──────── DATA FOR REVIEW
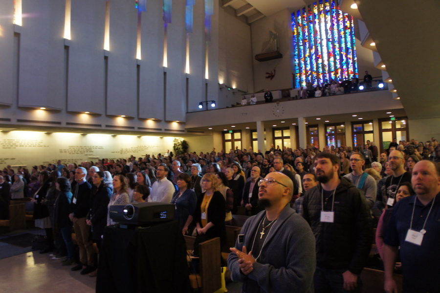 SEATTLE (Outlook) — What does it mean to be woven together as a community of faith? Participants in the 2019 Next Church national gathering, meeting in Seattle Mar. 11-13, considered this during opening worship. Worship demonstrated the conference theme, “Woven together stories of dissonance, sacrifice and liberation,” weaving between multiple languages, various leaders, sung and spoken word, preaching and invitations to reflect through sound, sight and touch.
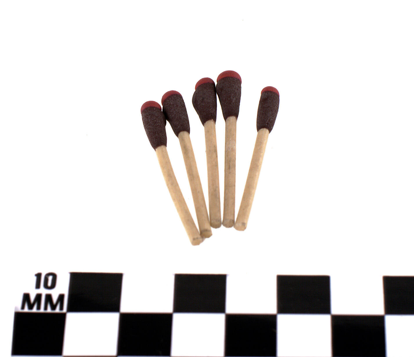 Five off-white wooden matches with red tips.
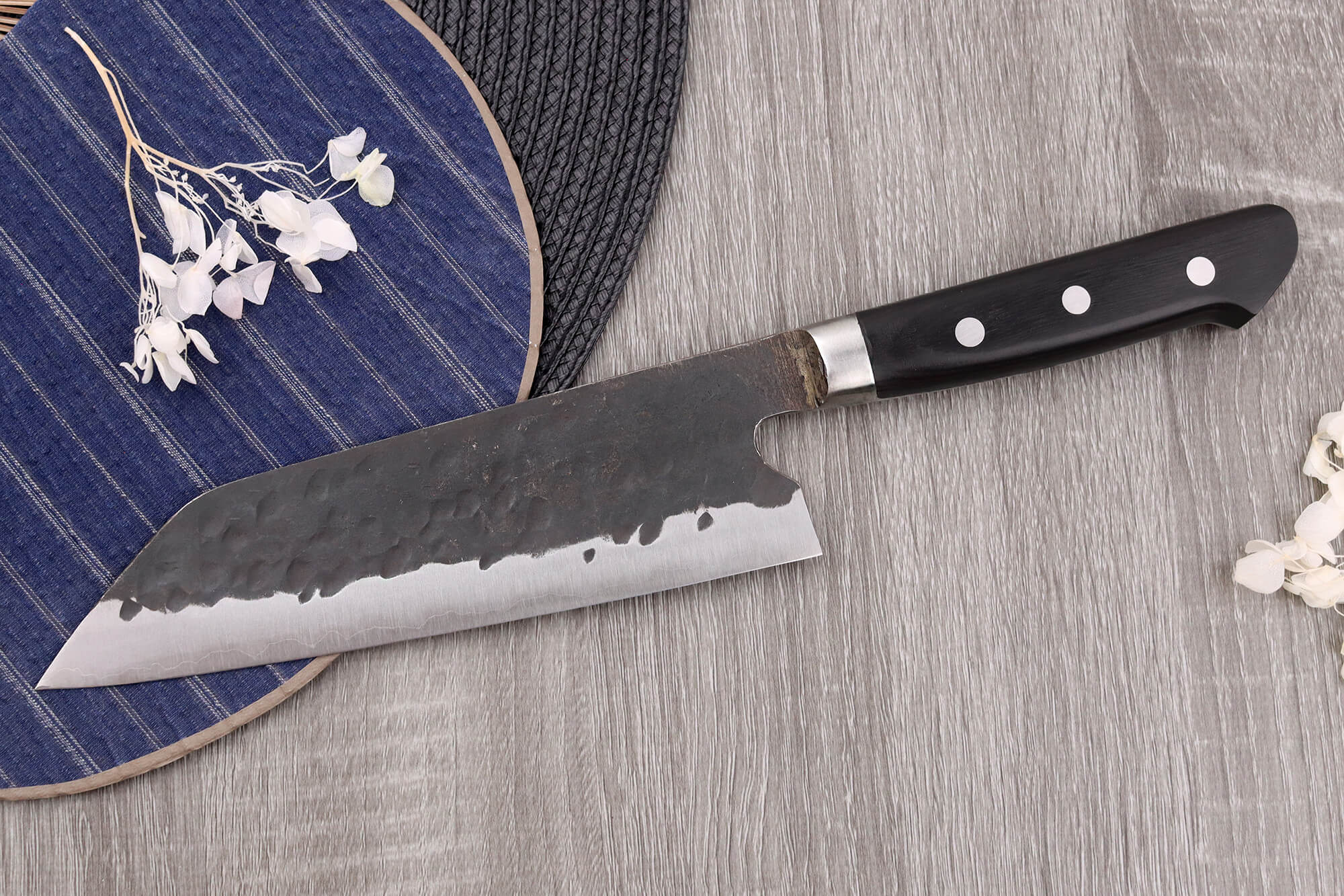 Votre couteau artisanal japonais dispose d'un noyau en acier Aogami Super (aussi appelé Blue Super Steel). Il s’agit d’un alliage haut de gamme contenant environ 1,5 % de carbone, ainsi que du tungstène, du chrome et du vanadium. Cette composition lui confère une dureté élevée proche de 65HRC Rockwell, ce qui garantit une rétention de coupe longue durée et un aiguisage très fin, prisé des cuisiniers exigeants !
────────────────
──────── DATA FOR REVIEW
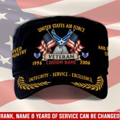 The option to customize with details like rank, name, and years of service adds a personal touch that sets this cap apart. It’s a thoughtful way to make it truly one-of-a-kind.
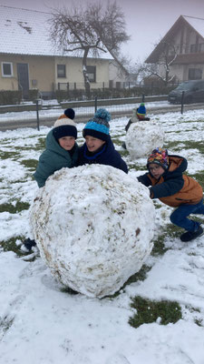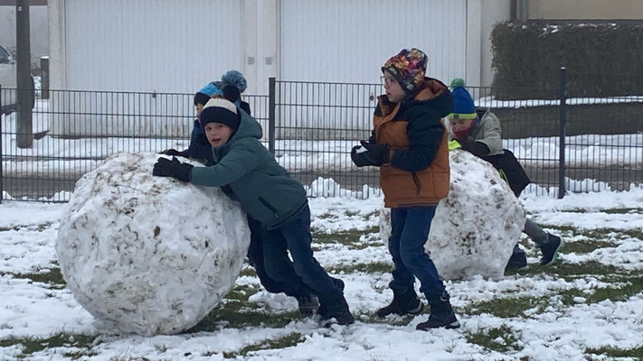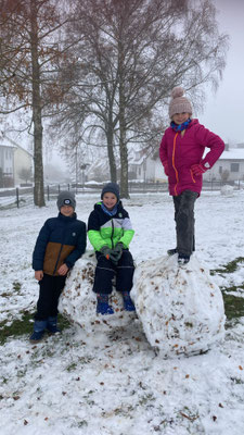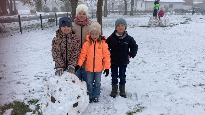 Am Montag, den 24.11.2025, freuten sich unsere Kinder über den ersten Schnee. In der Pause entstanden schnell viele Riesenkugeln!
────────────────
──────── DATA FOR REVIEW
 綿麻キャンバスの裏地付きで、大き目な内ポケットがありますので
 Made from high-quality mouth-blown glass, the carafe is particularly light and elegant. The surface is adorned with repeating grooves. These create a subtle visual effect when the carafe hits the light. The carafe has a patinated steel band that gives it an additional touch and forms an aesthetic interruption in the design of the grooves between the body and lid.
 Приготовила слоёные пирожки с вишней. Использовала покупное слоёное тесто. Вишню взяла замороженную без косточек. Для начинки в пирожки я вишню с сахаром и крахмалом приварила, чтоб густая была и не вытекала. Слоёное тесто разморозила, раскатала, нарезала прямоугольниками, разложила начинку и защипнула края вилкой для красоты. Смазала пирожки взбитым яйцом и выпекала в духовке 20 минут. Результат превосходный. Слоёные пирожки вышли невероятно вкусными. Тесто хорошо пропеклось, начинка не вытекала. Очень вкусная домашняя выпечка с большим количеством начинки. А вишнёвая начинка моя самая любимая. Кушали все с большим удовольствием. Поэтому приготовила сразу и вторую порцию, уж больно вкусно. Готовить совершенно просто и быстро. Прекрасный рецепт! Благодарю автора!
────────────────
= REQUIREMENT =
Reproduce exactly, and with no other material, the lines between those holding "綿麻キャンバスの裏地付きで、大き目な内ポケットがありますので" and "Приготовила слоёные пирожки", inclusive.

= TASK SOLUTION =
 綿麻キャンバスの裏地付きで、大き目な内ポケットがありますので
 Made from high-quality mouth-blown glass, the carafe is particularly light and elegant. The surface is adorned with repeating grooves. These create a subtle visual effect when the carafe hits the light. The carafe has a patinated steel band that gives it an additional touch and forms an aesthetic interruption in the design of the grooves between the body and lid.
 Приготовила слоёные пирожки с вишней. Использовала покупное слоёное тесто. Вишню взяла замороженную без косточек. Для начинки в пирожки я вишню с сахаром и крахмалом приварила, чтоб густая была и не вытекала. Слоёное тесто разморозила, раскатала, нарезала прямоугольниками, разложила начинку и защипнула края вилкой для красоты. Смазала пирожки взбитым яйцом и выпекала в духовке 20 минут. Результат превосходный. Слоёные пирожки вышли невероятно вкусными. Тесто хорошо пропеклось, начинка не вытекала. Очень вкусная домашняя выпечка с большим количеством начинки. А вишнёвая начинка моя самая любимая. Кушали все с большим удовольствием. Поэтому приготовила сразу и вторую порцию, уж больно вкусно. Готовить совершенно просто и быстро. Прекрасный рецепт! Благодарю автора!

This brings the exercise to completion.